Will Ford accept defensive deal?

At the time, floating Young & Rubicam seemed a smart idea. Like most private companies, even profitable well-run ones, it wasn’t particularly cash rich.

At the time, floating Young & Rubicam seemed a smart idea. Like most private companies, even profitable well-run ones, it wasn’t particularly cash rich. Yet a problem was looming and only extra cash could sort it out. A generation of senior executives, led by former chairman and chief executive Peter Georgescu, were planning their retirement, but Y&R couldn’t afford to pay them off. Then again, Y&R was getting nowhere in the corporate acquisitions game. Publicly-funded companies such as Omnicom, IPG and WPP could outbid Y&R at every turn. More than 70 years of proud independence were drawing to a close.

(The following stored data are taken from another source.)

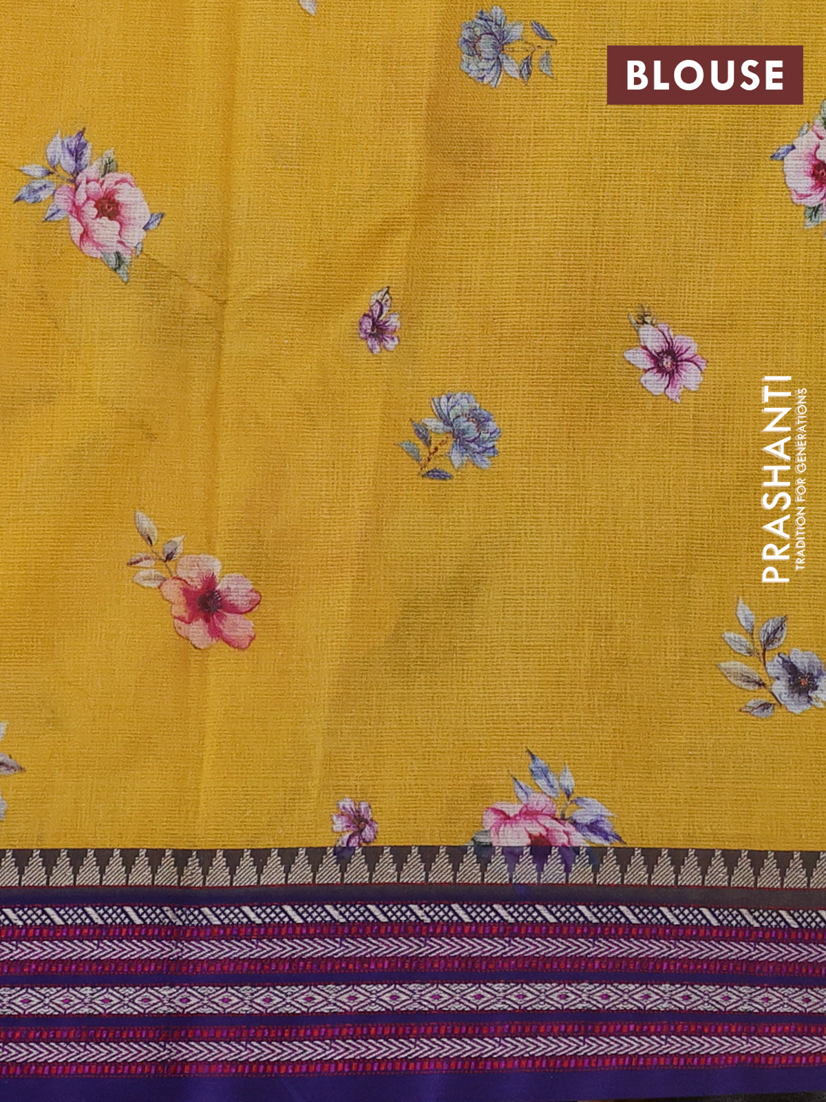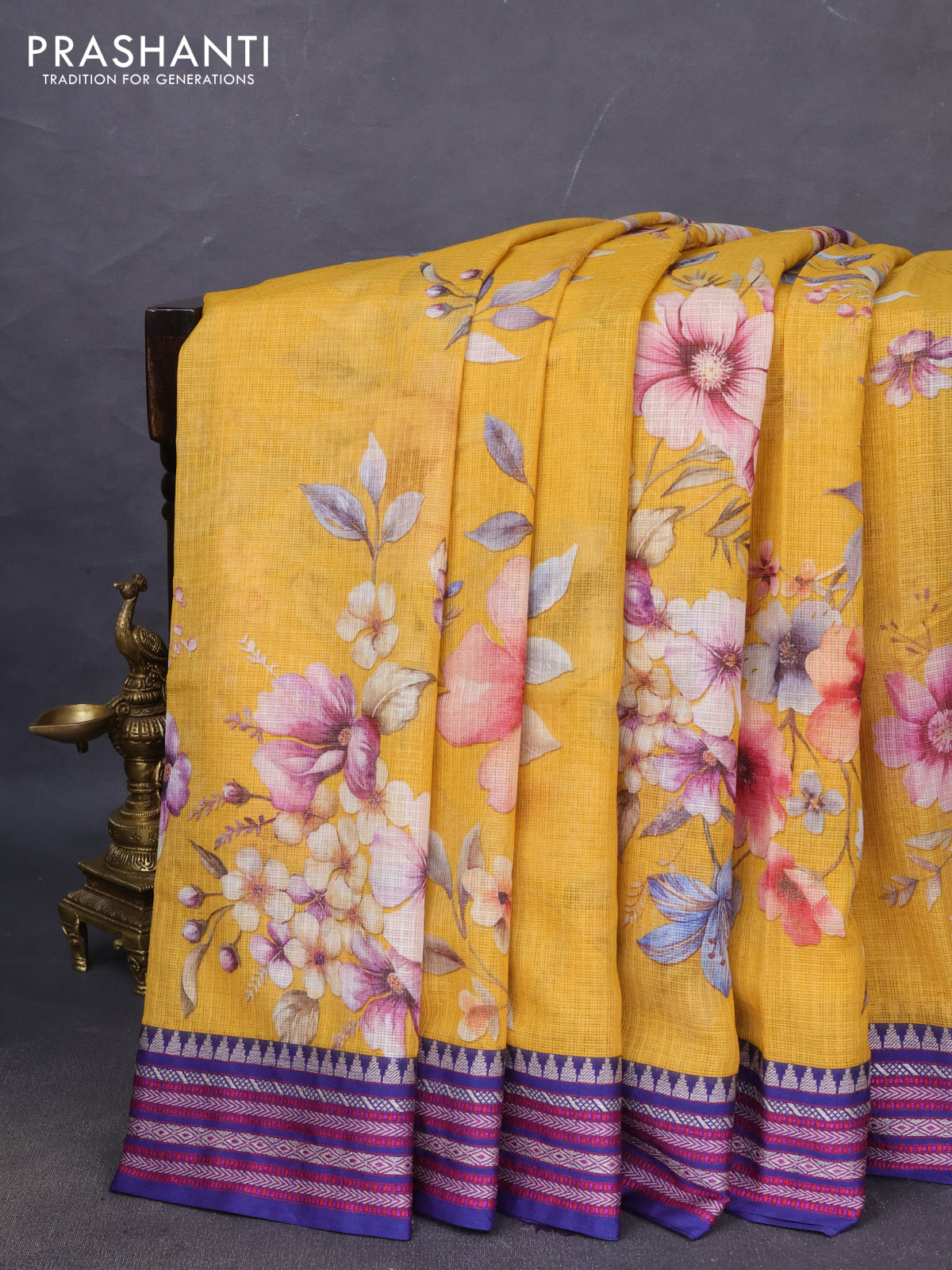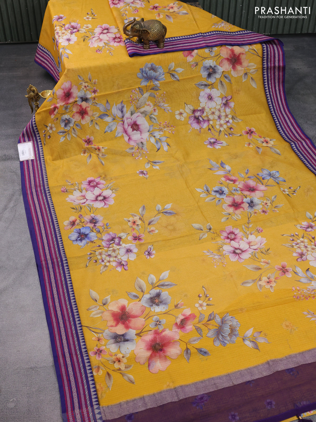 Kota silk cotton saree mustard yellow and blue with allover floral digital prints and woven border
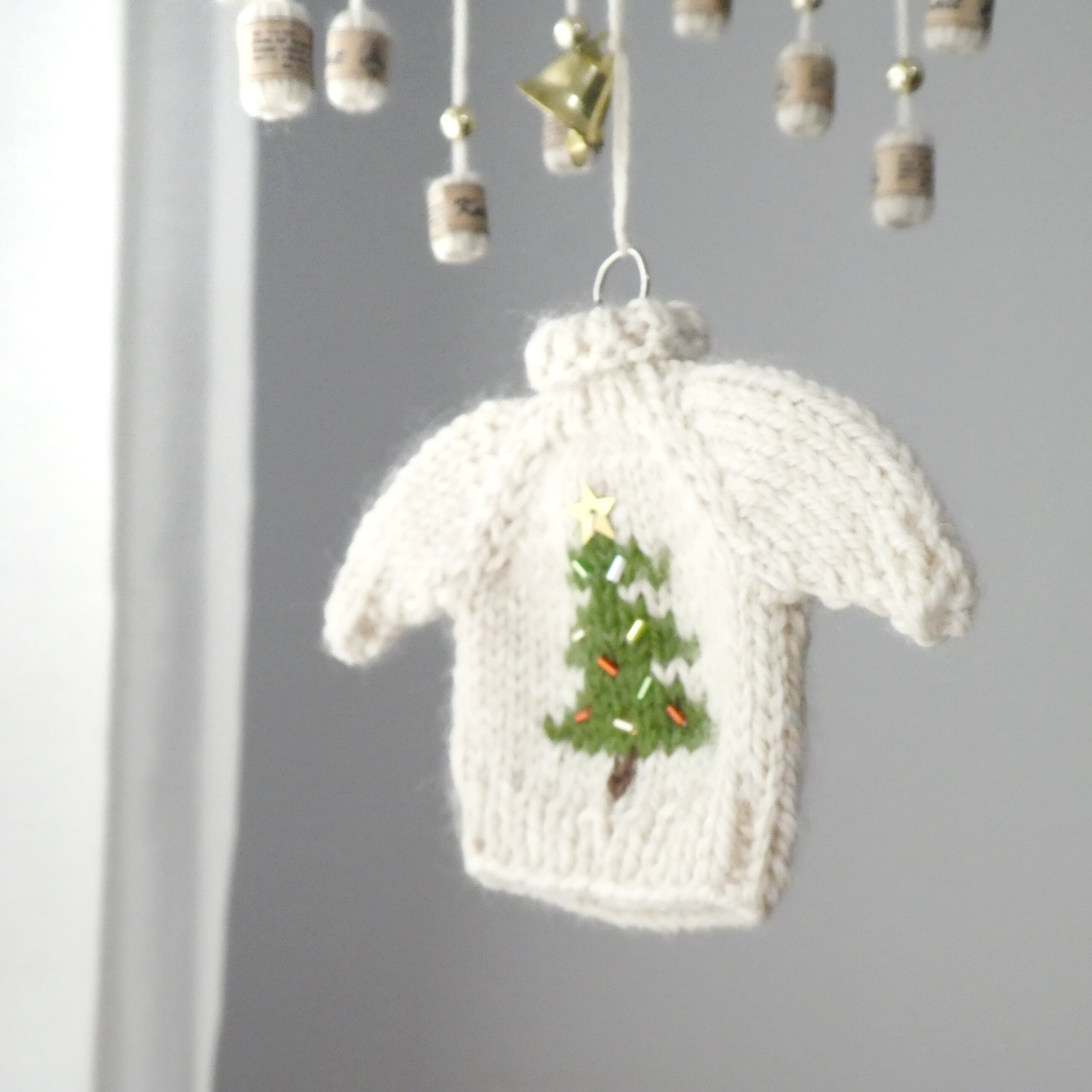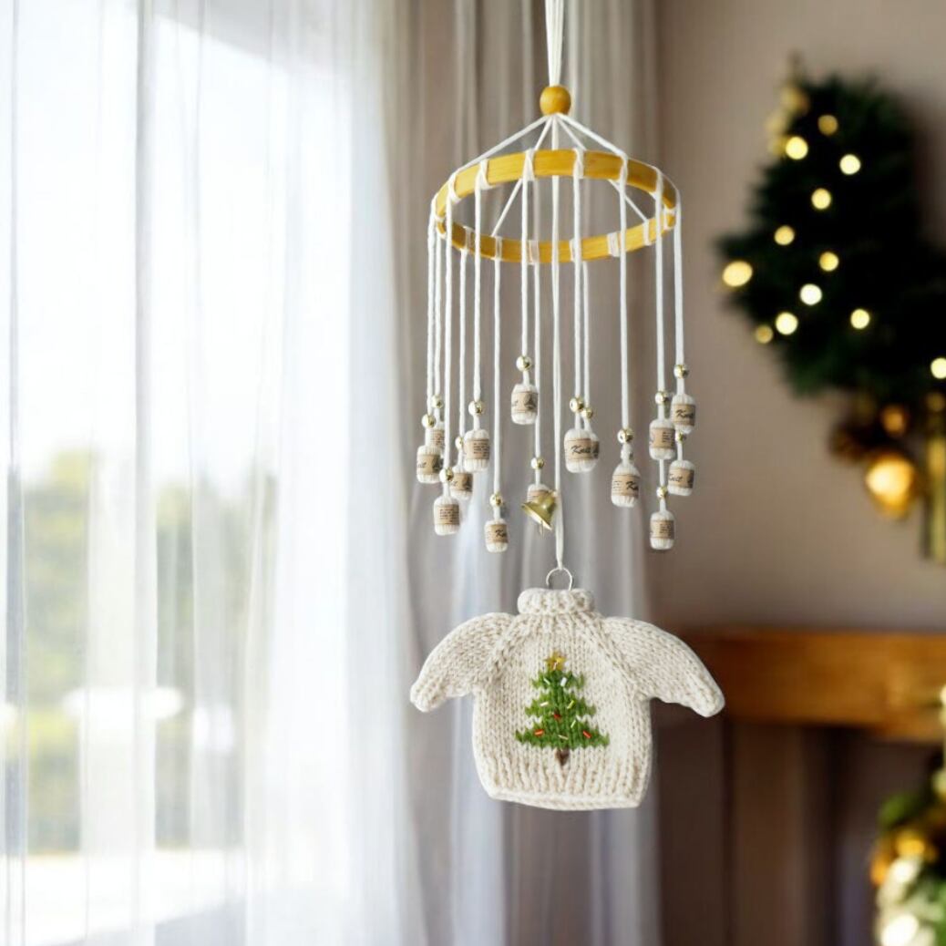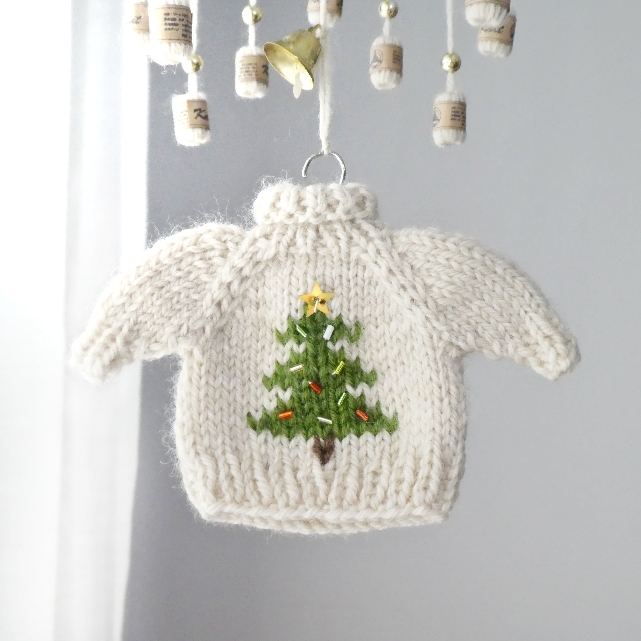クリスマスのニットのモビール/小さなセーターとミニチュア毛糸玉/クリスマスツリー/アイボリー – Knit Mobile: Christmas Mini Sweater & Yarn Balls
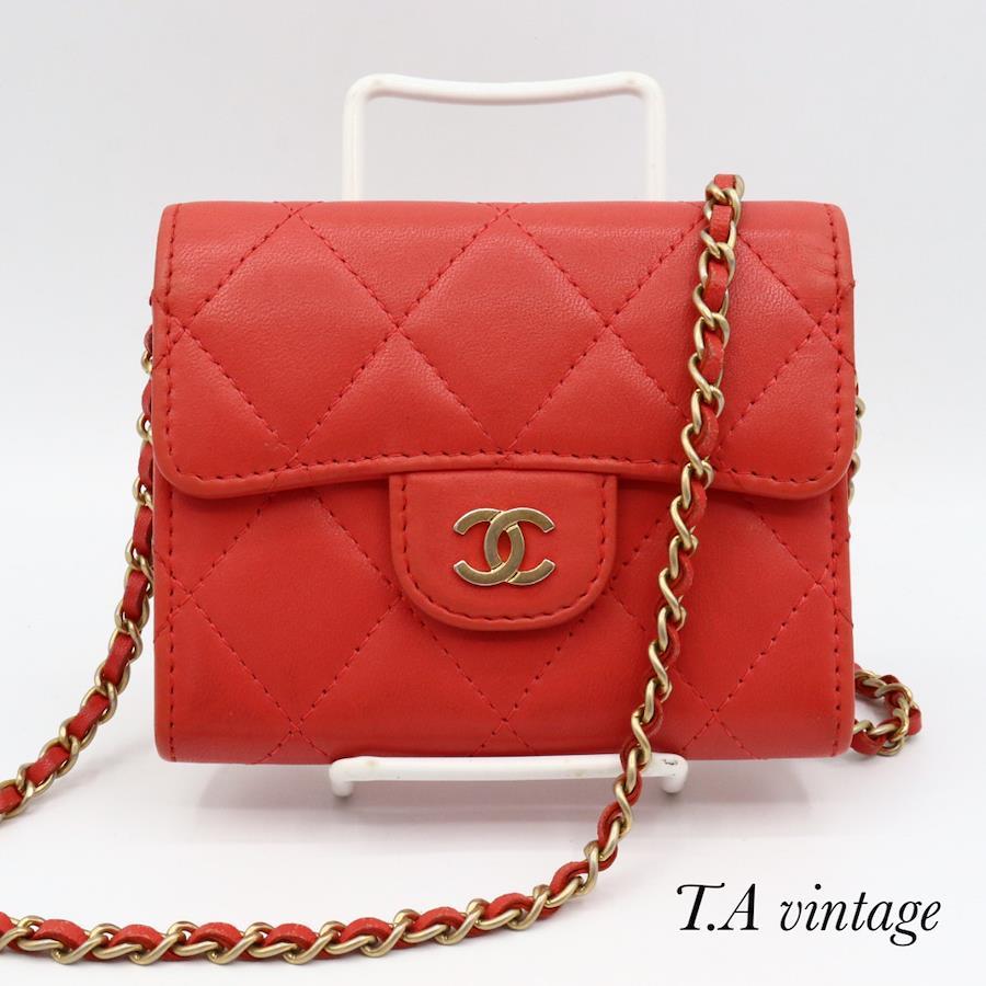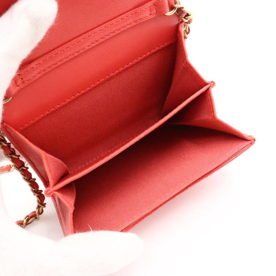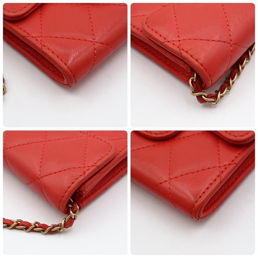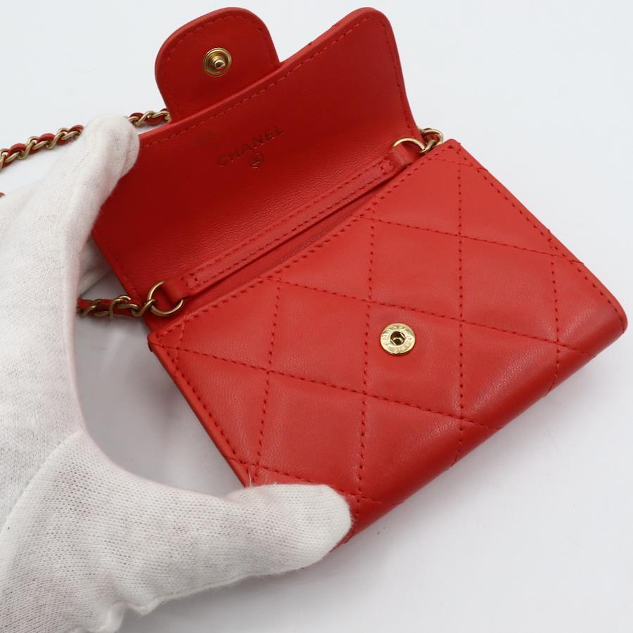 品名 ラムスキン マトラッセ チェーンウォレット チェーンポーチ レッド ゴールド金具
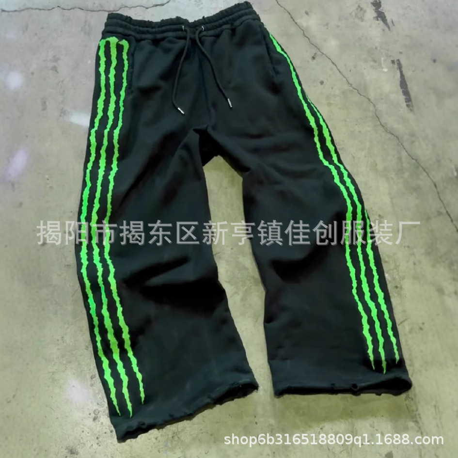 캐주얼 낙하산 바지 남성과 여성의 느슨한 넓은 다리 스트레이트 바지 캐주얼 국경 간 야간 글로우 미국 줄무늬스토어 가기
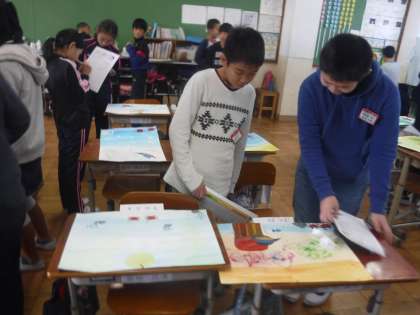 図工の時間にかいた「やまなし」の絵を鑑賞しました。近くで見ると,それぞれの工夫がよく分かりました。友達の作品を見て感心しながら,じっくりと味わうことができました。
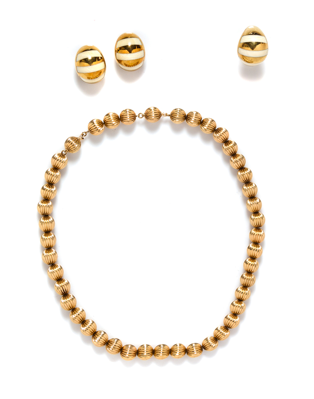consisting of 43 round ribbed beads measuring approximately 9.75-10.00 mm in diameter strung on a chain, including a four bead extender.Stamp: 14K.
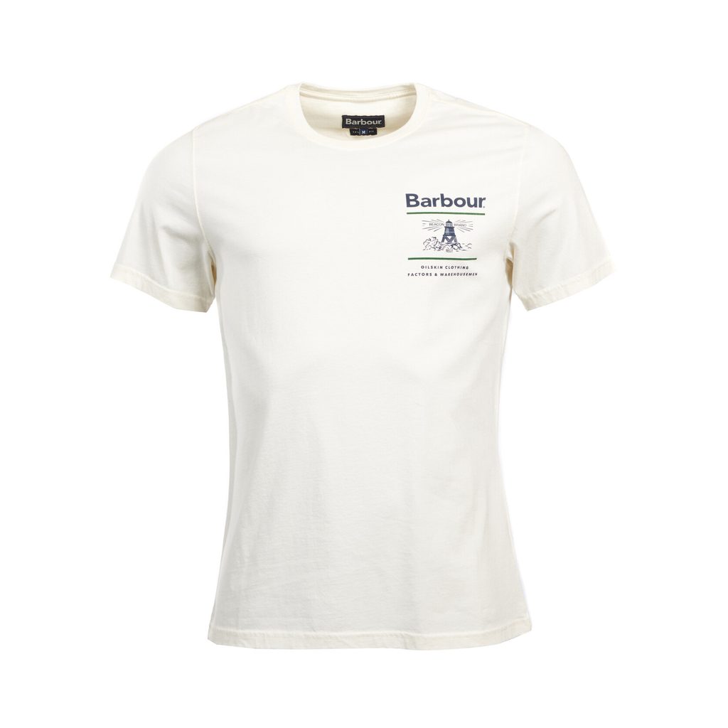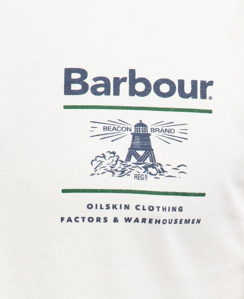 Bílé tričko z bavlny s kontrastním tmavým potiskem majáku na levé straně. Součást limitované sezonní kolekce od ostrovní legendy Barbour.

A flotation solved these problems at a stroke, while guaranteeing the independence of Y&R’s management. Grey, whose astute chief executive Ed Meyer has run a profitable, publicly-quoted company like a privately-owned fiefdom for several decades, seemed to provide the template. As it happens, Y&R wasn’t half as smart. Flotation provided no more than a stay of execution. Y&R is about to be enslaved: its only choice is the captor.

At the moment, the odds are on Publicis. What a prize Y&R would be for chief executive Maurice Levy. More than the quality and breadth of its businesses, Y&R offers the key to Publicis’ long-term survival. It represents the critical mass that the French network craves in the US and a ticket to the global league game. At roughly $5bn (&£3.1bn), Y&R looks a snip. Yet, despite Y&R chief executive Tom Bell’s blessing for the Publicis deal, serious issues need to be ironed out. One of them is Ford, which just happens to be Y&R’s core global client. In the recent past, several enlightened global advertisers have expressed a more lenient attitude towards competitive conflict within agency networks. Alas, Ford is not one of them. Any agency group which takes on Ford is obliged to sign a solemn undertaking that it will eschew competitive business. Such as, in this case, Publicis’ Renault, BMW (through Fallon McElligott) and General Motors’ (through Hal Riney) accounts. Is Ford about to change its mind? If it does not, the Y&R/Publicis deal is dead in the water.

A clue to Ford’s stance may be provided by the circumstances of the deal. Was it strictly necessary? To a marketing executive at Ford, indifferent to agency machinations, the choice of Publicis over WPP as a suitor must seem perverse, given that J Walter Thompson and Ogilvy & Mather – WPP’s main advertising networks – are Ford agencies.

Since there is little or no difference between the pricing or technical merits of both offers, the decision to recommend one party over the other must have lain elsewhere. That ‘elsewhere’ needs to be pretty convincing if Bell’s reputation is to remain intact. Unfortunately, the abstruse ‘terms of management control’ issue which is said to have balked agreement with WPP fails to convince. More likely, the breakdown resulted from a raw clash of egos.

Even if Ford is pacified, observers feel the Y&R/Publicis option will be a pis aller, conjured out of desperation. Certainly, it would be a better outcome for IPG and Omnicom than a WPP deal.